Segundo Paulo Torres, um dos mentores e coordenadores do projeto, o mutirão reuniu mais de 100 mil voluntários, que tiveram como ponto de encontro as juntas de freguesia das cidades portuguesas – espécie de micro-prefeituras situadas em cada bairro da cidade -, onde também era possível encontrar manuais com instruções sobre os tipos de vestuários e equipamentos adequados para a atividade, bem como buscar informações sobre quais áreas deveriam ser praticadas as ações conjuntas de limpeza.

As operações foram feitas em florestas, estradas e terrenos urbanos, e englobaram todos os tipos de lixo, tais como detritos, pneus, resíduos e entulhos, totalizando aproximadamente 70 mil toneladas recolhidas.
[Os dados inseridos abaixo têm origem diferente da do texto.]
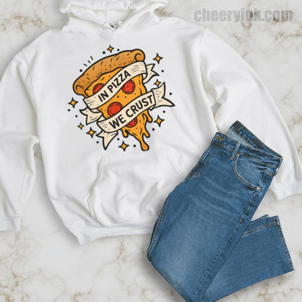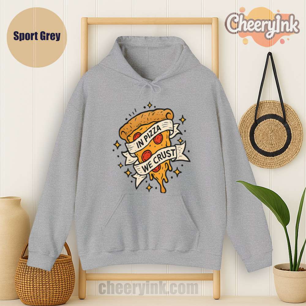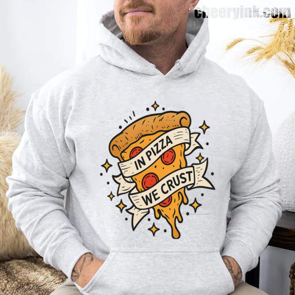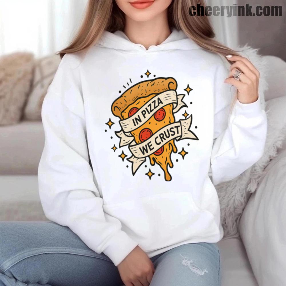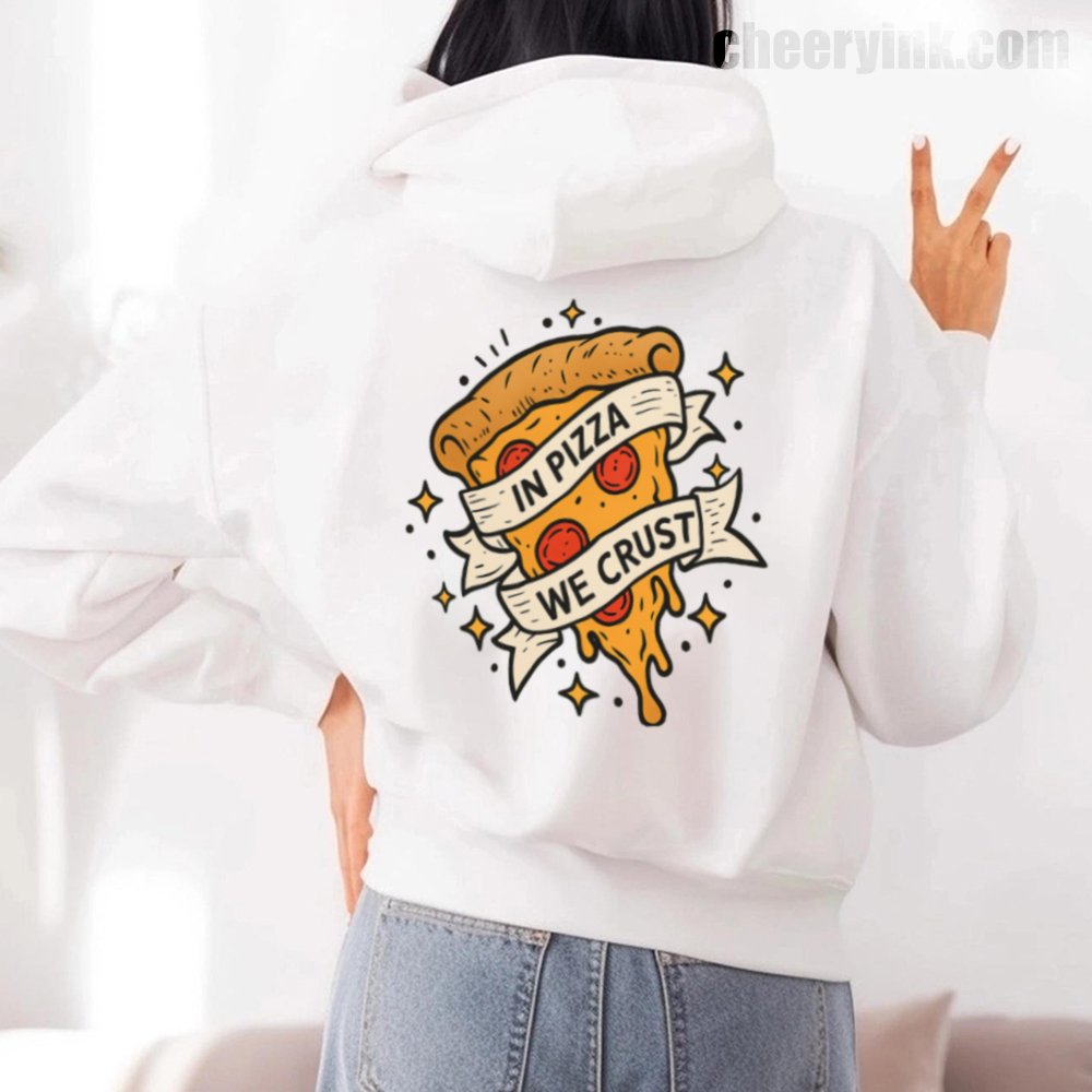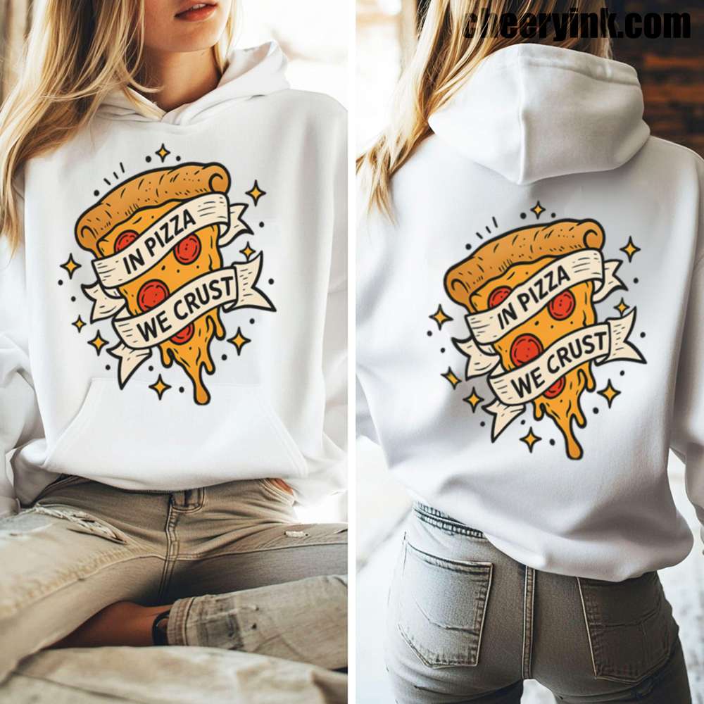 Whether you’re dining in or out, this In Pizza We Crust Hoodie will keep your style hot and your crust golden.

Depois de separado, o lixo será distribuído pelas entidades de recolha e valorização de resíduos articuladas ao projeto.

Os responsáveis pelo projeto têm a esperança de não precisar repetir o movimento. “Esperamos que as pessoas tenham compreendido a mensagem e procurem desfazer-se do lixo de maneira conveniente”, relatou Paulo Torres ao diário português Público.

A Índia também tem aderido à ideia. Nova Delhi teve igual iniciativa na mesma data que Portugal, e no dia 15 de Agosto será a vez de Bangalore arregaçar as mangas em prol do meio ambiente. Para mais informações sobre o projeto Limpar Portugal, basta consultar o site oficial www.limparportugal.org.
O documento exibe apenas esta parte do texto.